§ **MATERIAL FOR THE TASK**
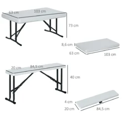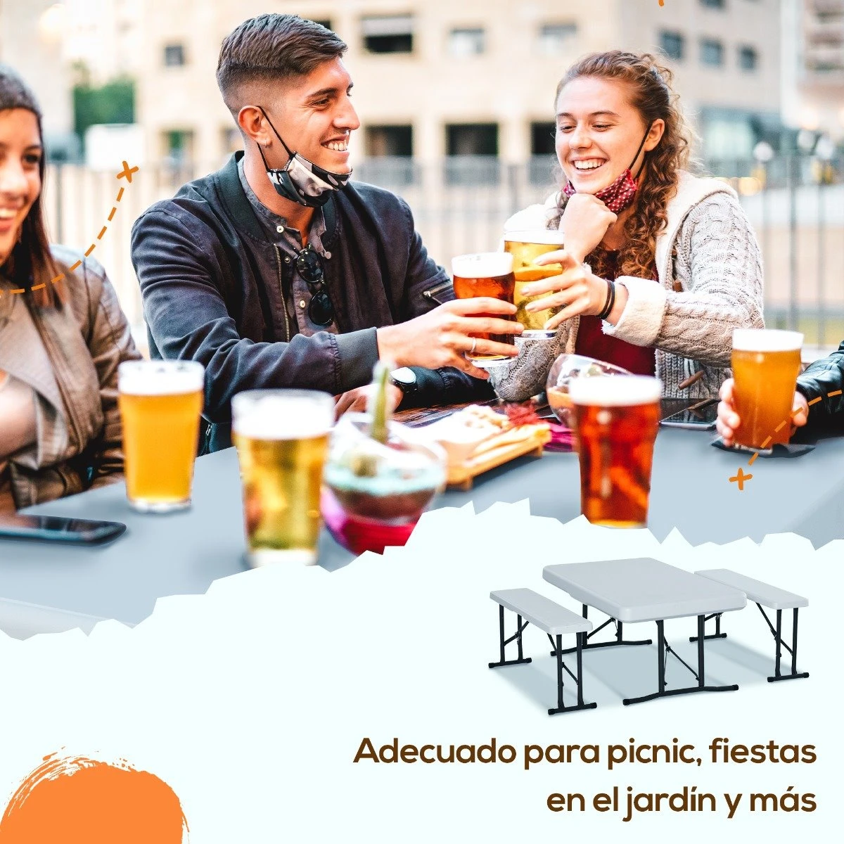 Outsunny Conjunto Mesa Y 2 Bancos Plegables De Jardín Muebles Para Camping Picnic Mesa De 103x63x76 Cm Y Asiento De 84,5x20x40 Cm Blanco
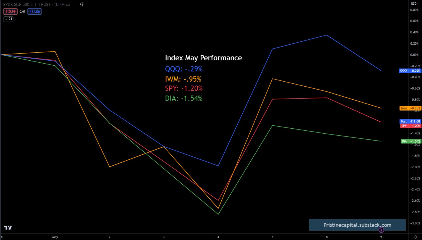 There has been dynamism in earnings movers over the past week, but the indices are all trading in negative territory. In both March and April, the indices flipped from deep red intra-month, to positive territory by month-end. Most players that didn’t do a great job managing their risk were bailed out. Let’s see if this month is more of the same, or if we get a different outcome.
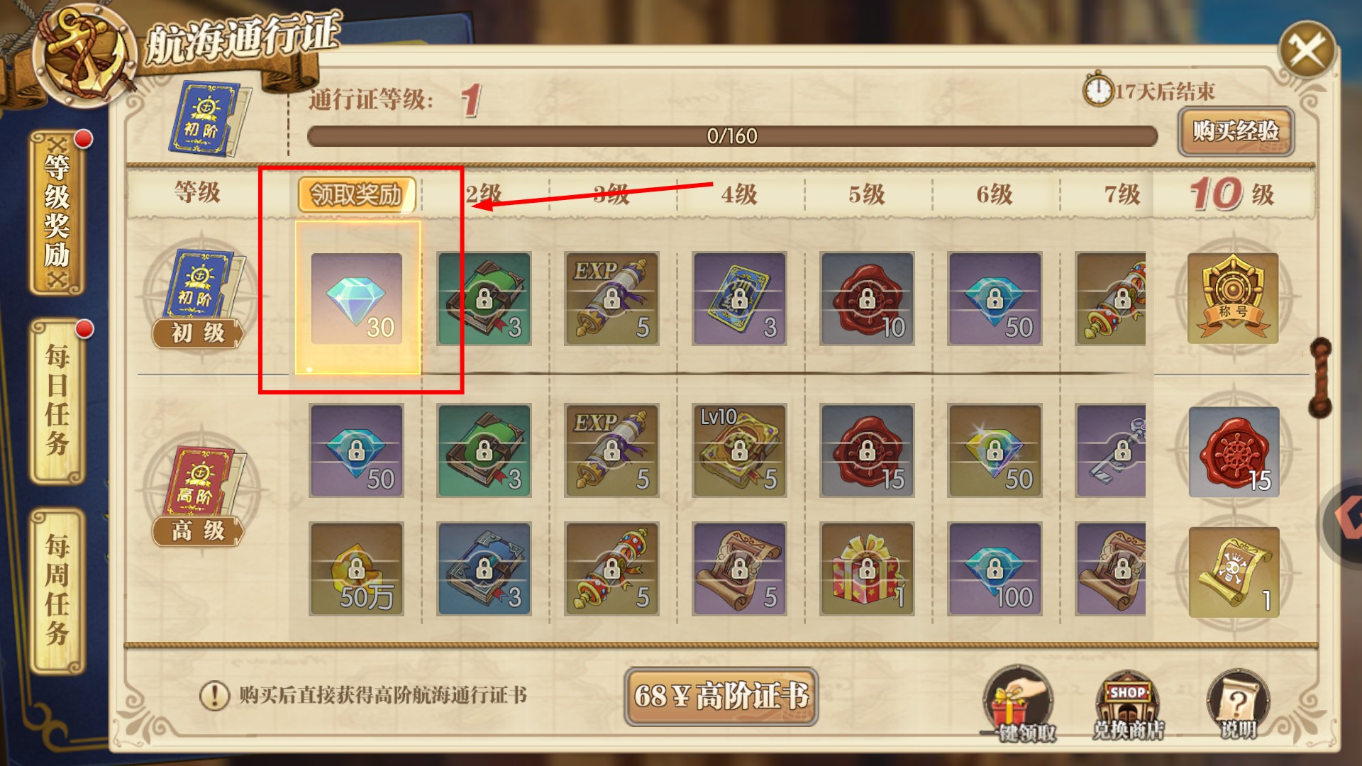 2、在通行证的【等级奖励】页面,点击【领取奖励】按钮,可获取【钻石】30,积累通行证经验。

---

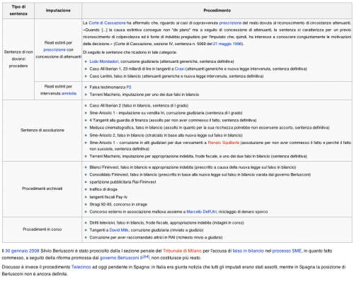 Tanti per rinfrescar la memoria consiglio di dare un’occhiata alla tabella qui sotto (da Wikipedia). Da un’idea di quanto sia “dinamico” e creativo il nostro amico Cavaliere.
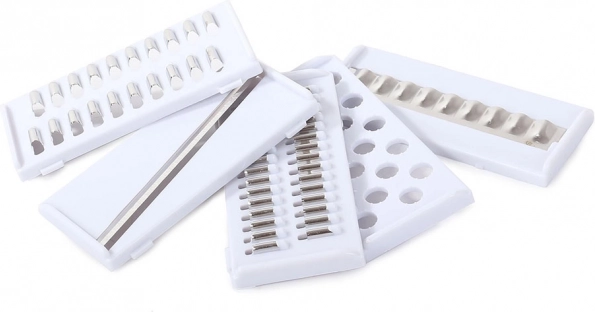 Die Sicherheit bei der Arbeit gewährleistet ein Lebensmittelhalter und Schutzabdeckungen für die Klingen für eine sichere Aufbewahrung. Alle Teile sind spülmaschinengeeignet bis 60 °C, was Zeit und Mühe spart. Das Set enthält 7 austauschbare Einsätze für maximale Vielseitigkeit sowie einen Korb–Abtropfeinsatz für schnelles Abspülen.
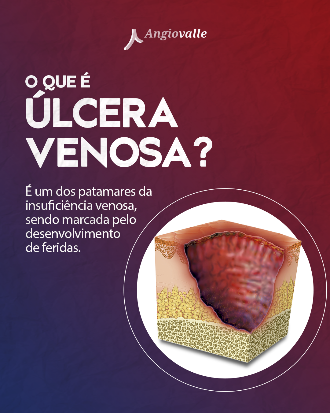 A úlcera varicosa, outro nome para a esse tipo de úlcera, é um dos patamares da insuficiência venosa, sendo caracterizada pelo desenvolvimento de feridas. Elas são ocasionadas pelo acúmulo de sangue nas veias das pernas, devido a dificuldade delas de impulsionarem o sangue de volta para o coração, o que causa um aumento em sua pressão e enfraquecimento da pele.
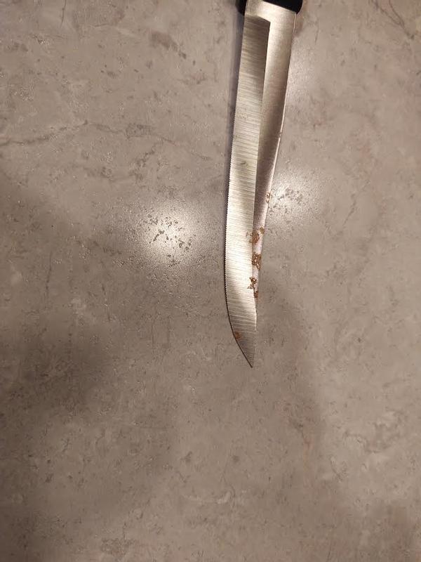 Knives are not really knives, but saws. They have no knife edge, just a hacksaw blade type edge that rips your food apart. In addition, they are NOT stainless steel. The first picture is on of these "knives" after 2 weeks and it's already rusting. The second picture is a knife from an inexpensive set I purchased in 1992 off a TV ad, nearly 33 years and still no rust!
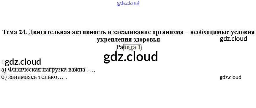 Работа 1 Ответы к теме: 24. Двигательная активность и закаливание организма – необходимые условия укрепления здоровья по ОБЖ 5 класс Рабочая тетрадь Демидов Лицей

§ **TASK PROMPT**
Look above for the line with "Outsunny Conjunto Mesa" and the line with "2、在通行证的【等级奖励】页", then copy them and all lines in between exactly as written, and only those, without any pictures.

§ **YOUR SOLUTION**
 Outsunny Conjunto Mesa Y 2 Bancos Plegables De Jardín Muebles Para Camping Picnic Mesa De 103x63x76 Cm Y Asiento De 84,5x20x40 Cm Blanco
 There has been dynamism in earnings movers over the past week, but the indices are all trading in negative territory. In both March and April, the indices flipped from deep red intra-month, to positive territory by month-end. Most players that didn’t do a great job managing their risk were bailed out. Let’s see if this month is more of the same, or if we get a different outcome.
 2、在通行证的【等级奖励】页面,点击【领取奖励】按钮,可获取【钻石】30,积累通行证经验。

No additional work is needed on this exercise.